[Collected data]
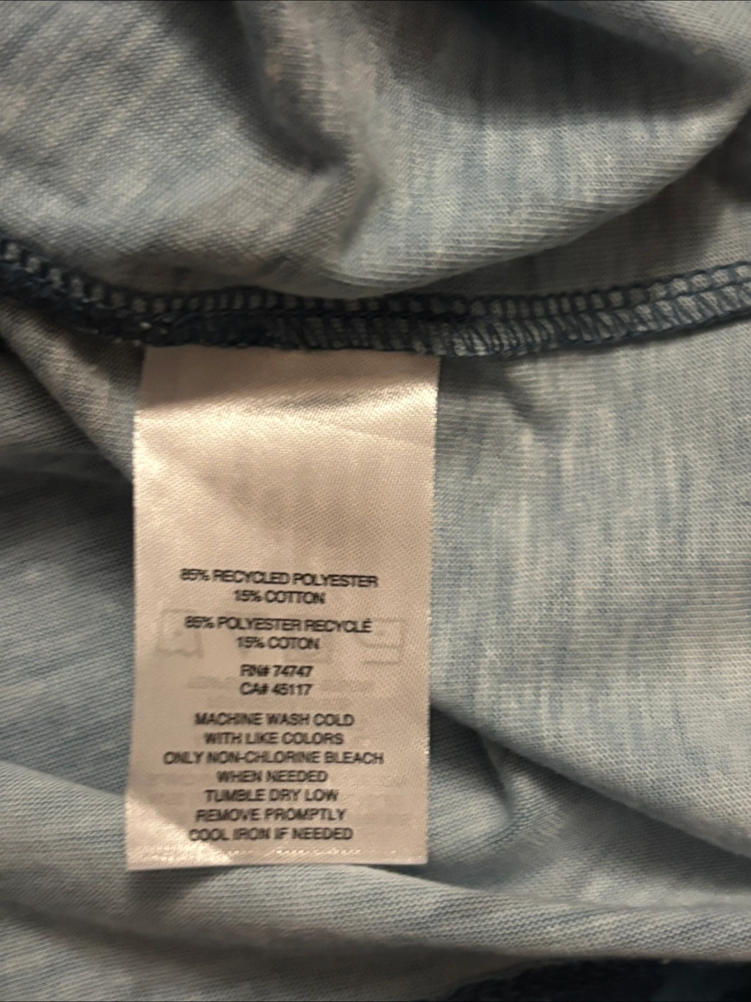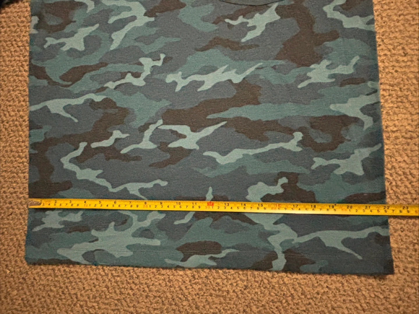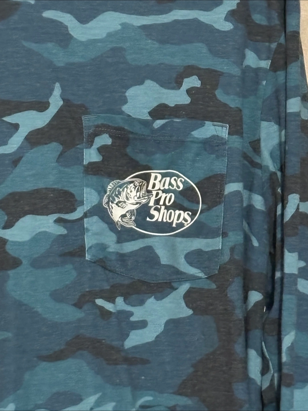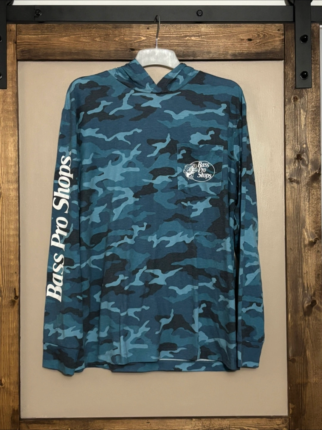 Selling a Bass Pro Shops long-sleeve hoodie in a cool blue camo pattern. It's a size large and made from 85% recycled polyester and 15% cotton.
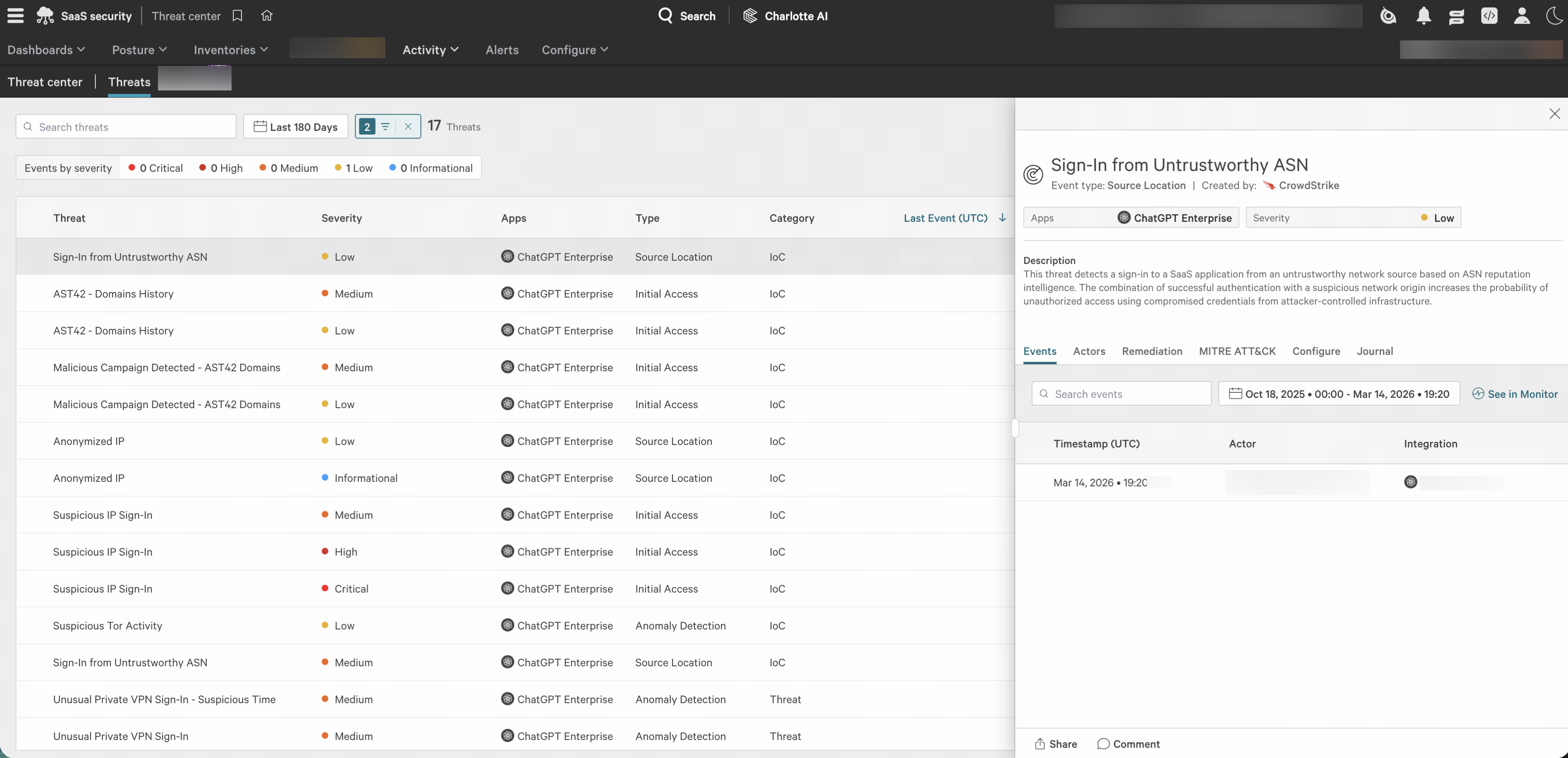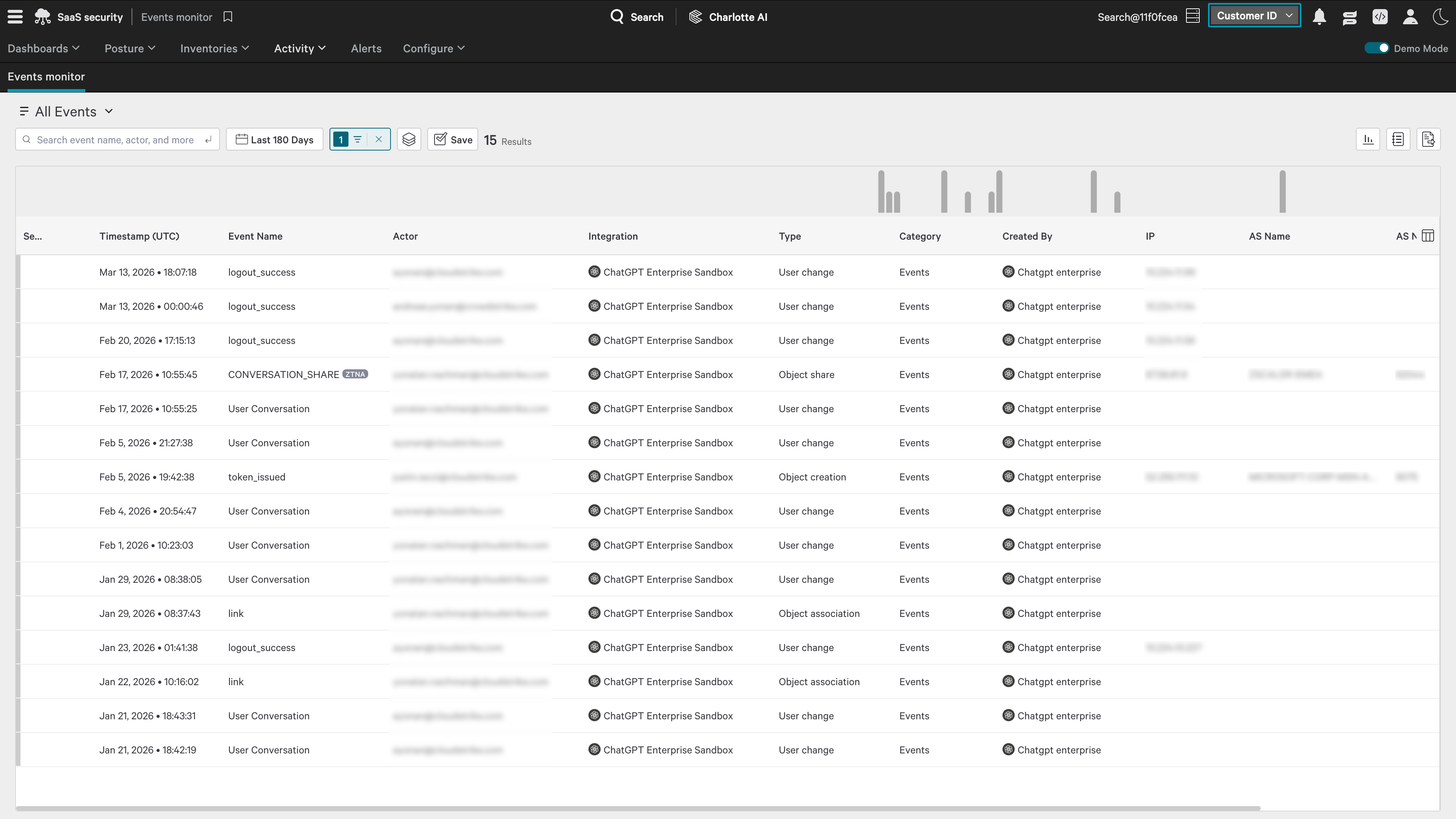 Building on our August 2025 integration launch that introduced visibility into AI agents and security configurations, CrowdStrike is now expanding its ChatGPT Enterprise integration to deliver deeper audit logging and continuous activity monitoring within CrowdStrike Falcon Shield SaaS security. This expansion enables monitoring of authentication activity, administrative changes, tool usage, Codex events, and conversation-level logs across ChatGPT Enterprise workspaces.
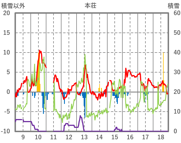 | 日 | 時 | 気温 | 降水 | 風向/風速 | 日照 | 積雪 | 降雪 |

[What to work on] Give back the whole listing exactly as written. Do not include any picture.

[Answer section]
 Selling a Bass Pro Shops long-sleeve hoodie in a cool blue camo pattern. It's a size large and made from 85% recycled polyester and 15% cotton.
 Building on our August 2025 integration launch that introduced visibility into AI agents and security configurations, CrowdStrike is now expanding its ChatGPT Enterprise integration to deliver deeper audit logging and continuous activity monitoring within CrowdStrike Falcon Shield SaaS security. This expansion enables monitoring of authentication activity, administrative changes, tool usage, Codex events, and conversation-level logs across ChatGPT Enterprise workspaces.
 | 日 | 時 | 気温 | 降水 | 風向/風速 | 日照 | 積雪 | 降雪 |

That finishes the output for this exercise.